> [TO DO]:
Only the lines below from the one containing "Color coordinates a*" through the one containing "Crafted out of" belong in the answer, repeated exactly and without pictures.

> [DATA SUPPLIED]:
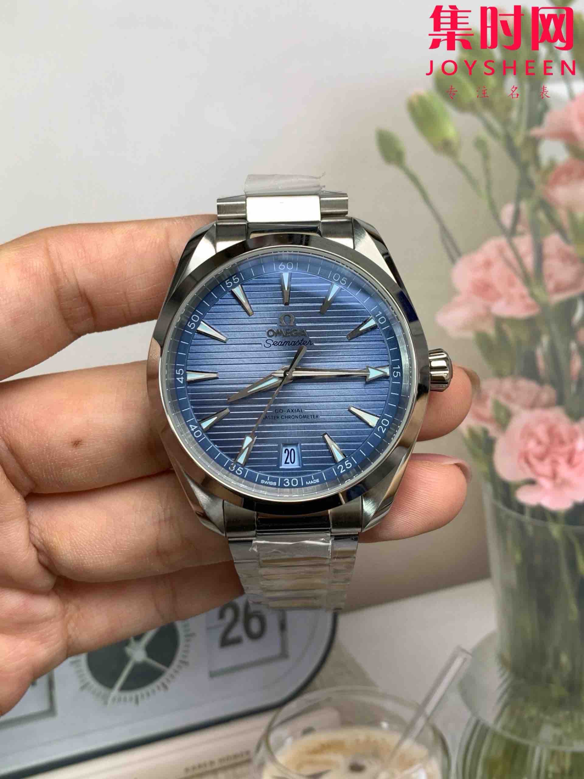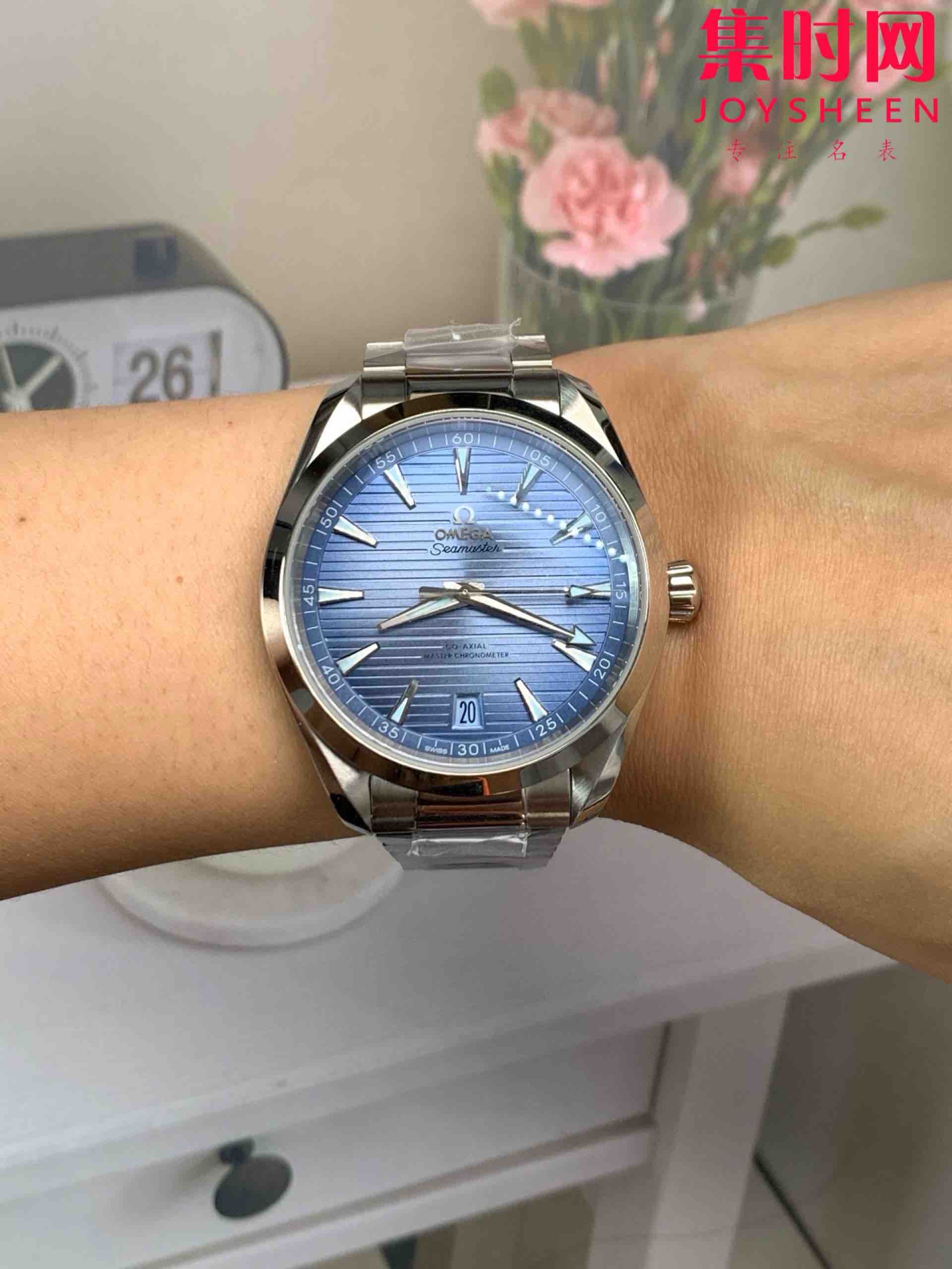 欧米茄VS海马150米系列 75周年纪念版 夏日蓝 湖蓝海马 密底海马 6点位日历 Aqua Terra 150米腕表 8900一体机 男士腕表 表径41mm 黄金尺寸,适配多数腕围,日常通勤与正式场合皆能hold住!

* * *

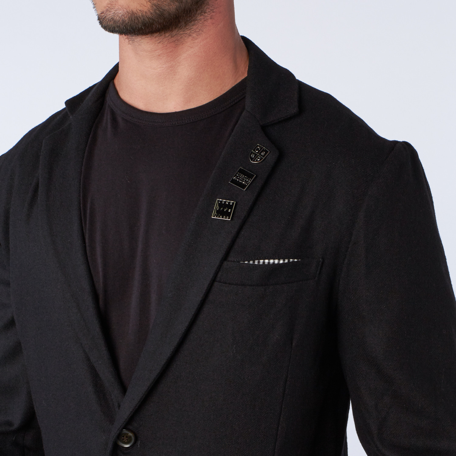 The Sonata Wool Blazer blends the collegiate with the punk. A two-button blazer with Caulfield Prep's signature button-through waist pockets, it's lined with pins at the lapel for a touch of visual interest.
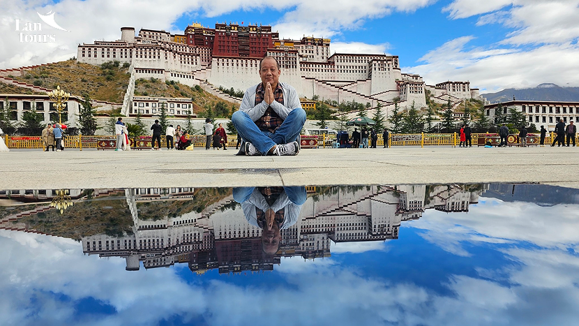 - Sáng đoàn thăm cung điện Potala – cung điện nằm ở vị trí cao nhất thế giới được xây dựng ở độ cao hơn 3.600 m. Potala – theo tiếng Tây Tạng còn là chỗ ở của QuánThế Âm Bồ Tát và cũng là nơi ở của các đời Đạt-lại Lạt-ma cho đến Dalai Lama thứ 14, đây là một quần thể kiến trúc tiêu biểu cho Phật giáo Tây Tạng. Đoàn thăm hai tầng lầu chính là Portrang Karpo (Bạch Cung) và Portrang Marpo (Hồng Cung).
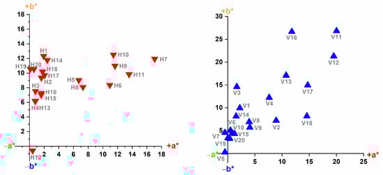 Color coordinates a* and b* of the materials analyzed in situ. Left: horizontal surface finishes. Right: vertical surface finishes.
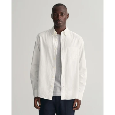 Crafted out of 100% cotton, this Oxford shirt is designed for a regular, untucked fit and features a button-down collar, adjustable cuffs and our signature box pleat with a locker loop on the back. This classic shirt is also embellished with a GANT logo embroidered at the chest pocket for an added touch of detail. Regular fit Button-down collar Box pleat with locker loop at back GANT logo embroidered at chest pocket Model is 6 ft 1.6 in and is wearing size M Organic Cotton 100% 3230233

> [YOUR RESPONSE]:
 Color coordinates a* and b* of the materials analyzed in situ. Left: horizontal surface finishes. Right: vertical surface finishes.
 Crafted out of 100% cotton, this Oxford shirt is designed for a regular, untucked fit and features a button-down collar, adjustable cuffs and our signature box pleat with a locker loop on the back. This classic shirt is also embellished with a GANT logo embroidered at the chest pocket for an added touch of detail. Regular fit Button-down collar Box pleat with locker loop at back GANT logo embroidered at chest pocket Model is 6 ft 1.6 in and is wearing size M Organic Cotton 100% 3230233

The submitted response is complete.